Assignment>
Beginning with the line below that contains "それでローンチしたDUシリコ" and ending with the line that contains "Эта книга —", copy every line exactly. Copy nothing else.

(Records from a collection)
+ + + + + + +

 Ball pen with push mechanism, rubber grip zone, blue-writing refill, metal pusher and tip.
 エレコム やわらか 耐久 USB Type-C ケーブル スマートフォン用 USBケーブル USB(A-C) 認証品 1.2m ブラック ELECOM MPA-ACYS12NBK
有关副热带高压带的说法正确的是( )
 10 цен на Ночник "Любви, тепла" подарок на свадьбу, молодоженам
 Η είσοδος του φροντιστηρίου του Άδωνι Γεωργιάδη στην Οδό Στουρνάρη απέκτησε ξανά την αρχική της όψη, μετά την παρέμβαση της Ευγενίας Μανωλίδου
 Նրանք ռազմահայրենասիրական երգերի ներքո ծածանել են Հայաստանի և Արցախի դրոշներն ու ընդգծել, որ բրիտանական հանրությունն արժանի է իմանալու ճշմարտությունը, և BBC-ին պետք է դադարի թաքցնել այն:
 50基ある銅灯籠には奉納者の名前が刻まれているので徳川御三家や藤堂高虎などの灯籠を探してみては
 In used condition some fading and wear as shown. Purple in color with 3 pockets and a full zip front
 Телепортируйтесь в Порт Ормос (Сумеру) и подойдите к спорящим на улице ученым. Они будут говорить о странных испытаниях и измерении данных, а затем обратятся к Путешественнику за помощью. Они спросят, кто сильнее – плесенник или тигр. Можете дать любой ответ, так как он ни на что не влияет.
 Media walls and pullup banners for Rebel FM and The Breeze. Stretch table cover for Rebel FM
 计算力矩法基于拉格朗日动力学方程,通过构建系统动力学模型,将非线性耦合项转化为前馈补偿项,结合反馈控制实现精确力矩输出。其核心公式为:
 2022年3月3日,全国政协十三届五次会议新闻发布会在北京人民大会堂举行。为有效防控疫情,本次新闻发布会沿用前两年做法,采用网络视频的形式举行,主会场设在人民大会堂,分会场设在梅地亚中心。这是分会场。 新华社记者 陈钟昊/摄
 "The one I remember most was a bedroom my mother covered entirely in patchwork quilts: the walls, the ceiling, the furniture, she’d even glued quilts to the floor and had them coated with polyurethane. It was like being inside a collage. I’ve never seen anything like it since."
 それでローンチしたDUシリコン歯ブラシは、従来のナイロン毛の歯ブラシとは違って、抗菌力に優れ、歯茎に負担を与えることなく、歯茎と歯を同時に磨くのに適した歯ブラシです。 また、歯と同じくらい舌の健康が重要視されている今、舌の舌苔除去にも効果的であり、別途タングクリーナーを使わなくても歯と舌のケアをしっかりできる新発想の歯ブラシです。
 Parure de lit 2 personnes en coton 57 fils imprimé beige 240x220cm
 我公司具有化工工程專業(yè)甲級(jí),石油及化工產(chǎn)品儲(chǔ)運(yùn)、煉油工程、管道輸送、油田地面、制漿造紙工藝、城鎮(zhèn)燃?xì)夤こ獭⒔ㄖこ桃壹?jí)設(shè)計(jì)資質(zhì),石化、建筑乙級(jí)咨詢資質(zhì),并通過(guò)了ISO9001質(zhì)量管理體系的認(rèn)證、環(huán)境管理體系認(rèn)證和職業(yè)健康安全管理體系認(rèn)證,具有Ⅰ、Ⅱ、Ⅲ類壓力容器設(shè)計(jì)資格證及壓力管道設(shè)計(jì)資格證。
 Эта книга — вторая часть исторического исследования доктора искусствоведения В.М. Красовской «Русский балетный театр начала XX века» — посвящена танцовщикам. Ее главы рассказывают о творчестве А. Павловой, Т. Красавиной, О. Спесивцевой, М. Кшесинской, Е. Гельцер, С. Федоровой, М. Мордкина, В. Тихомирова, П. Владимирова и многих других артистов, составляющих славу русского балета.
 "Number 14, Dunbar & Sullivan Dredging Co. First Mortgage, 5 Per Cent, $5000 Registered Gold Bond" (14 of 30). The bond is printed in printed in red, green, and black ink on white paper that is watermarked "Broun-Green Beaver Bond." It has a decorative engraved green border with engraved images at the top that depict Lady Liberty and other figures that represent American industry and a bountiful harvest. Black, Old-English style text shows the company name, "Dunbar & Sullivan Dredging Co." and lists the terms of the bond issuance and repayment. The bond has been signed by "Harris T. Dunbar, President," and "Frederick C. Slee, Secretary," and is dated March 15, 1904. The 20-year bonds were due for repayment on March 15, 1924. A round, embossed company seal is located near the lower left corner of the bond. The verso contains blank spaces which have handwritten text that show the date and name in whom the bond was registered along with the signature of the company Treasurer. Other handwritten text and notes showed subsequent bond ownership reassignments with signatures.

+ + + + + + +

Your solution>
 それでローンチしたDUシリコン歯ブラシは、従来のナイロン毛の歯ブラシとは違って、抗菌力に優れ、歯茎に負担を与えることなく、歯茎と歯を同時に磨くのに適した歯ブラシです。 また、歯と同じくらい舌の健康が重要視されている今、舌の舌苔除去にも効果的であり、別途タングクリーナーを使わなくても歯と舌のケアをしっかりできる新発想の歯ブラシです。
 Parure de lit 2 personnes en coton 57 fils imprimé beige 240x220cm
 我公司具有化工工程專業(yè)甲級(jí),石油及化工產(chǎn)品儲(chǔ)運(yùn)、煉油工程、管道輸送、油田地面、制漿造紙工藝、城鎮(zhèn)燃?xì)夤こ獭⒔ㄖこ桃壹?jí)設(shè)計(jì)資質(zhì),石化、建筑乙級(jí)咨詢資質(zhì),并通過(guò)了ISO9001質(zhì)量管理體系的認(rèn)證、環(huán)境管理體系認(rèn)證和職業(yè)健康安全管理體系認(rèn)證,具有Ⅰ、Ⅱ、Ⅲ類壓力容器設(shè)計(jì)資格證及壓力管道設(shè)計(jì)資格證。
 Эта книга — вторая часть исторического исследования доктора искусствоведения В.М. Красовской «Русский балетный театр начала XX века» — посвящена танцовщикам. Ее главы рассказывают о творчестве А. Павловой, Т. Красавиной, О. Спесивцевой, М. Кшесинской, Е. Гельцер, С. Федоровой, М. Мордкина, В. Тихомирова, П. Владимирова и многих других артистов, составляющих славу русского балета.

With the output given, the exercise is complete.